◆ **Task**:
Using the data below, return the stretch from the line that contains "2025年12月5日,中国电" through the line that contains "На память об", both included, exactly as it stands and nothing beyond it.

◆ **Task data**:
◇ ◇ ◇
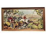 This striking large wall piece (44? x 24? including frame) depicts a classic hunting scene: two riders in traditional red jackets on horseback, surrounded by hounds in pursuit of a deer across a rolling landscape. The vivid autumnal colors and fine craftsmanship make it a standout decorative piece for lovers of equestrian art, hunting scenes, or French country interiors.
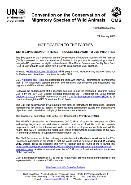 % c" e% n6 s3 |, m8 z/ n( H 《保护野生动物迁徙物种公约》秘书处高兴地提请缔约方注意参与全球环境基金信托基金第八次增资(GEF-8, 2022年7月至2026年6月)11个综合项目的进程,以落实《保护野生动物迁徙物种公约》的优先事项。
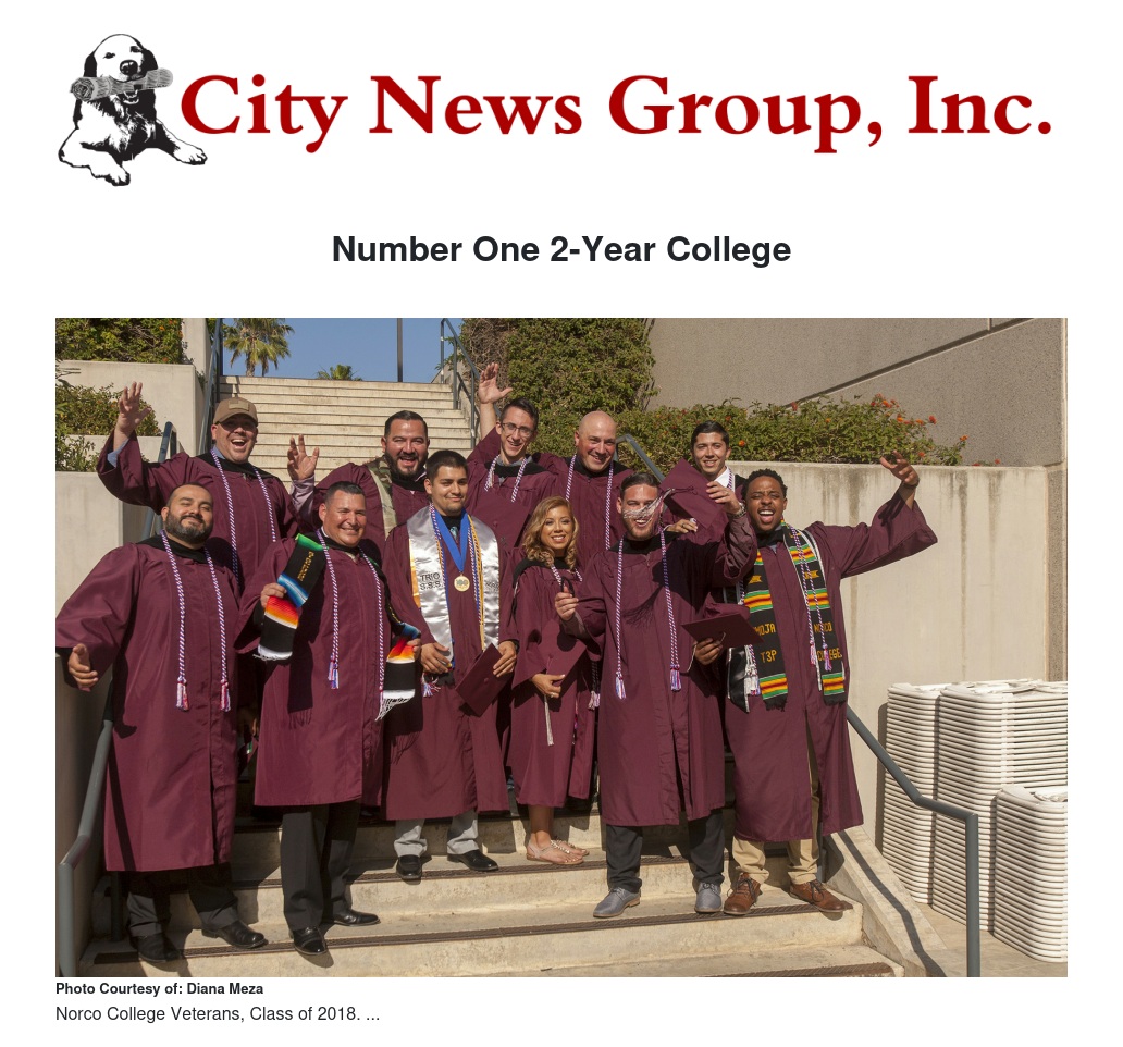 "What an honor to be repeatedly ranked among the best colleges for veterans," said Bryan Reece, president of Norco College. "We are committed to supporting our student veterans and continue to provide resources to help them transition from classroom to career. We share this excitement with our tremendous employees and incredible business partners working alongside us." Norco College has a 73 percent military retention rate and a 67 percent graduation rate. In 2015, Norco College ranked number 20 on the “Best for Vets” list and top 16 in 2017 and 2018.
◇ ◇ ◇
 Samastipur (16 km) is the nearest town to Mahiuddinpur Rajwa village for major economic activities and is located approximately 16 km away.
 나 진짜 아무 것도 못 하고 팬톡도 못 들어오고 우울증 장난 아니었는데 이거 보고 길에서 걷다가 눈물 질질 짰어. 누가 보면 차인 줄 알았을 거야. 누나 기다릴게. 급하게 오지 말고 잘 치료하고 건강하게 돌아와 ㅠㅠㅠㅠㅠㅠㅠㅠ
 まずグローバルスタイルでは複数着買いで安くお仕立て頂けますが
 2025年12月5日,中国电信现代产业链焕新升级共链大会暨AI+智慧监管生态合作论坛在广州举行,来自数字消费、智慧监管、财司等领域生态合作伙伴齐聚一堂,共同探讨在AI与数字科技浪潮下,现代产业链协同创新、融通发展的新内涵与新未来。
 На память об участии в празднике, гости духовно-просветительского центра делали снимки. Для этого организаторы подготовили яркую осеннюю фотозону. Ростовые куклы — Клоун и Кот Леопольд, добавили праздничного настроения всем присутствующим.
◇ ◇ ◇
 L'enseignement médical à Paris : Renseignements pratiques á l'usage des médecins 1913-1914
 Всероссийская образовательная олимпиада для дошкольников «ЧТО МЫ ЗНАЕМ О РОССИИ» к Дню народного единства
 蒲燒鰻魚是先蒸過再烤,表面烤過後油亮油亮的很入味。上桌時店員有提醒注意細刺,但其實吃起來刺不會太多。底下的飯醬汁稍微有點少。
◇ ◇ ◇
◆ **Answer for the task**:
 2025年12月5日,中国电信现代产业链焕新升级共链大会暨AI+智慧监管生态合作论坛在广州举行,来自数字消费、智慧监管、财司等领域生态合作伙伴齐聚一堂,共同探讨在AI与数字科技浪潮下,现代产业链协同创新、融通发展的新内涵与新未来。
 На память об участии в празднике, гости духовно-просветительского центра делали снимки. Для этого организаторы подготовили яркую осеннюю фотозону. Ростовые куклы — Клоун и Кот Леопольд, добавили праздничного настроения всем присутствующим.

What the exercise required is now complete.